Edward HellerNovember 7, 2016 03:49 pm
Ron, what I was thinking about was lowering the initial filing fee substantially, effectively to cover only the initial paralegal review and publication costs. The ability to defer examination fees is also a boon to both the impecunious and to the large patent department that might have to balance filing quotas and budgets.
I agree that the examination fee should cover only the patent office costs for examination. These of course would require fees for excess claims that fairly reflect their examination costs.
One could almost say that in a first-to-file world, where resources may be slim to the small inventor, but where race to the patent office nevertheless remains as a Damocles sword, deferring costs should always be an option.
Ron KatznelsonNovember 5, 2016 06:18 pm
Your suggestion for a system under which “one must actually request examination” is not only reasonable but it has been supported by many, including David Kappos when he was at IBM. This method, used in other foreign patent offices, has been contemplated by the PTO in 2009 and rejected with no reasoned explanation. Because this is a very serious and sound concept, I have submitted detailed comments showing how the PTO can implement DE under existing statute and I further provided an analytical model showing that the PTO would save up to 25% in workload by adopting DE. See http://bit.ly/DE-Comments. Apparently, the problem was that implementing DE would have caused the PTO to suffer a transient decline in short term examination fee revenue of about $300 million per year. Fees collected to examine the pending applications have been largely diverted by Congress. Thus, for current examination of applications pending for several years, the PTO relies on fees currently collected for applications it will examine several years down the road.
As to your comment that the PTO should then “make the examination fee large,” it seems to reflect a fundamental view that patent fees should be used to limit patenting, a view held by large market incumbents and IT Megatechs. Had I not known you better, I would not have known that this is not your personal philosophy. The problem, however, is that the PTO believes in this philosophy and thus abuses its fee-setting authority. It sets fees to “encourage or discourage a particular activity.” Imposing fees in that way, deviating from the actual costs of providing the service, is legally deemed a tax that requires an explicit delegation from Congress, a delegation that the PTO does not have. See my article: “The U.S. Patent Office’s Proposed Fees Under the America Invents Act – Part I: The Scope of the Office’s Fee-Setting Authority, 85 Patent, Trademark & Copyright Journal, 206 (Dec. 7, 2012) at http://bit.ly/PTO-fees-per-AIA-PtI . Rather than use the “stick” approach, charging according to costs properly creates the “carrot” for DE as applicants get to defer the examination fee, or save it altogether should they elect to abandon obsolete patent claims.
AnonNovember 5, 2016 10:09 am
One rather large problem is that all you are doing is presenting a large fee for what applicants already want.
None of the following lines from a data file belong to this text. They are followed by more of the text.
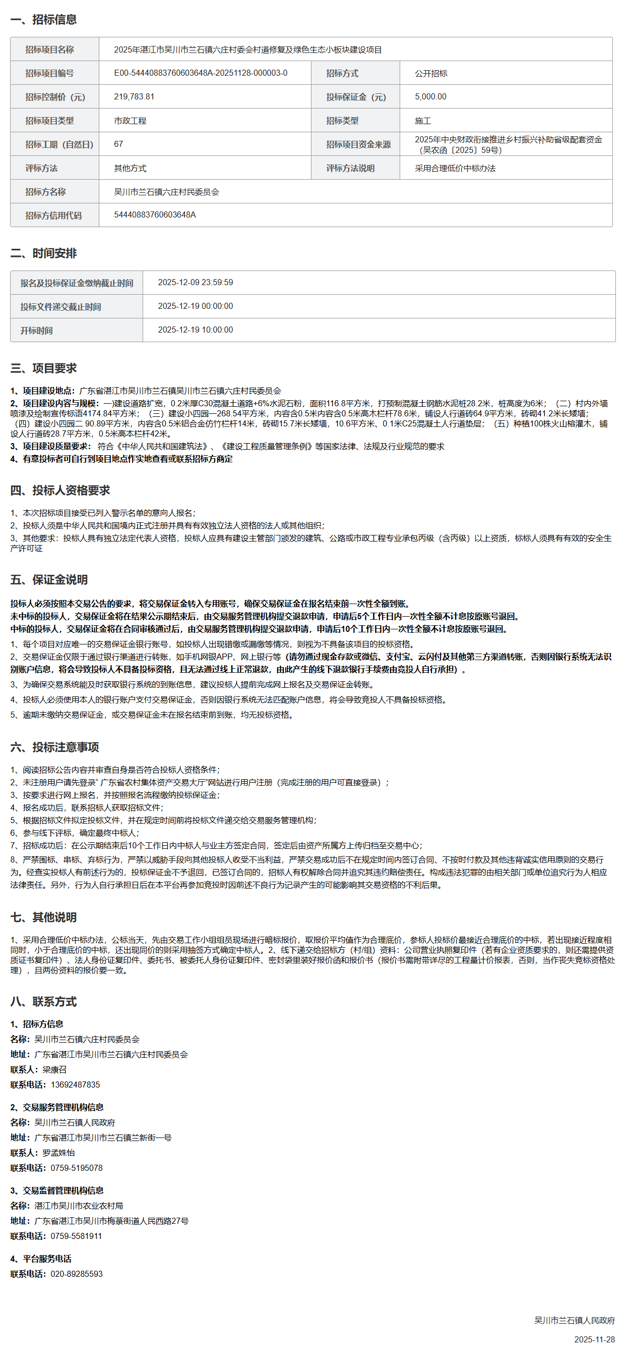 2025年湛江市吴川市兰石镇六庄村委会村道修复及绿色生态小板块建设项目
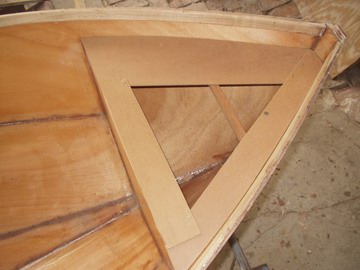 | Seat tops being glued to sub structure using a combination of temporary screws and weights. | Foredeck template made up of three strips of hardboard. This way one only has to fit up one outside curve and it uses very little hardboard! |
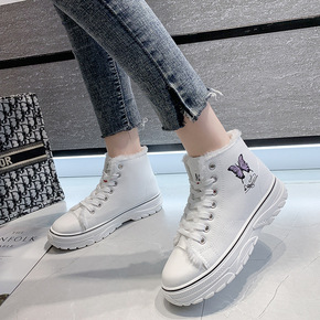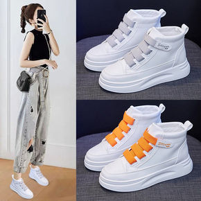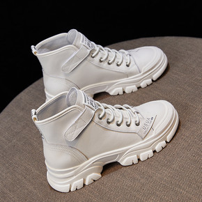 春秋小白短靴2022新款女鞋高帮运动休闲白靴子女马...
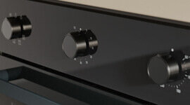The sleek black control dials are designed for simplicity and style, giving you confident command over your cooking. A mechanical minute timer adds a practical touch, making it easy to keep track of meals with a clear, tactile interface that’s intuitive to use.
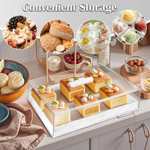 Pay Extra Tenderness - صينية كيك مستطيلة كبيرة من الأكريليك - حامل كيك مستطيل متعدد الوظائف مع غطاء شفاف - صينية تقديم - صينية حامل حلوى للحفلات المنزلية والمطبخ - حوامل شاي بعد الظهر (29 × 11.94 × 39 سم)
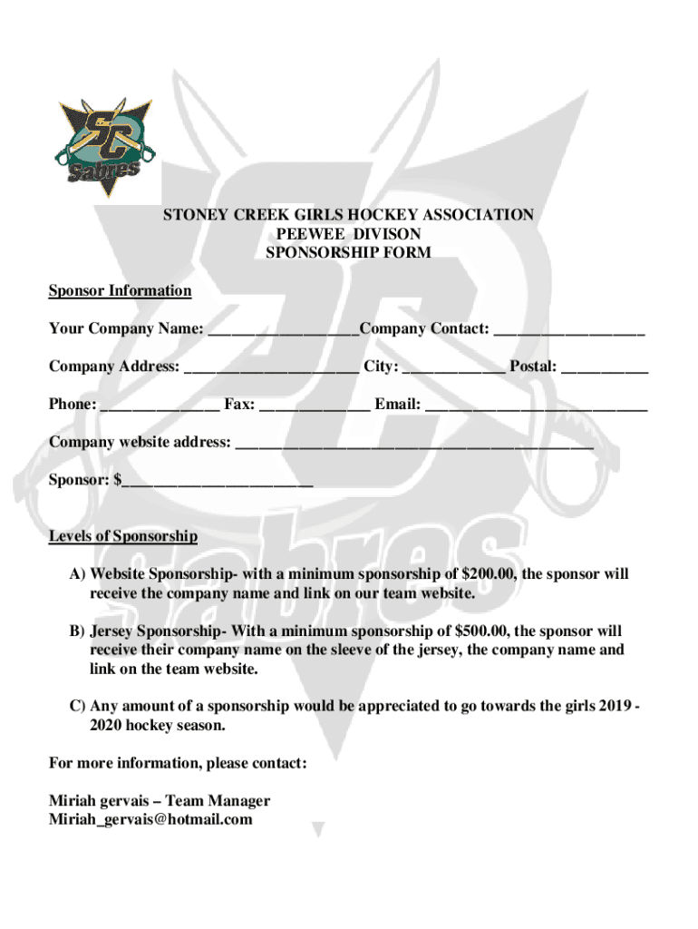 STONE CREEK GIRLS HOCKEY ASSOCIATION PEEWEE DIVISION SPONSORSHIP FORM Sponsor Information Your Company Name: ___Company Contact: ___ Company Address: ___ City: ___ Postal: ___ Phone: ___ Fax: ___

The current system IS a “request for examination,” as that is what the filing does.
Inserting fee-based actions (especially large fee based actions) plays directly into the hands of the Efficient Infringer crowd (those entities who would rather compete on existing size and resources).
Such also runs counter to the historical set up of the US system, which was geared to be purposefully rather inexpensive so that cost was NOT a limiting factor.
Edward HellerNovember 4, 2016 01:29 pm
Ron, good comments.
What publication seems to have done is place the whole patent examination docket on delay.
Given this reality, we might give it more teeth and say that one must actually request examination, and make the examination fee large. Also provide that after 7 years of pendency without a request for examination, the application goes abandoned.
This system seems more sensible to me.
AnonOctober 27, 2016 06:57 am
Good examination, albeit perhaps difficult, is indeed critical to have.
That should be the primary focus of any efforts of improving patent quality.
Lost In NorwayOctober 27, 2016 01:49 am
Realistically, in the international landscape, the patent must publish at 18 months. Regardless of the historical reasons and the perceived error of it, that must happen.
Can the USPTO actually get this to 18 months pendency? Your solution seems to be to throw more examiners at the problem. Considering the current problems with the USPTO and quality of examiners, I am concerned about this solution as well.
When pressure has been put upon the USPTO to drop pendency (Regean years), the reaction of the USPTO seems to have been a “let them sort it out in litigation”. There was not a noticed improvement of patent quality. The issues with IPR and PGR are unfortunately only make the situation worse.
However, I agree with your basic tenet. The USPTO, and patent offices in general, are violating the covenant with inventors. If they want publication at 18 months, then it is only right to get something enforceable by 18 months.
Heck, many of my clients would be ecstatic with something to enforce at 24 months. Not a single one of them has been happy with the difference to when their idea is published and when they get a patent. They shouldn’t be.
I recently got a patent through prosecution at the USPTO at 11 months. This did not make me happy, it made me worried that the examiner hadn’t actually done his job. But maybe just throwing more examiners at the problem and waiting the time for them to transition from crappy examiners to decent examiners is the way to go.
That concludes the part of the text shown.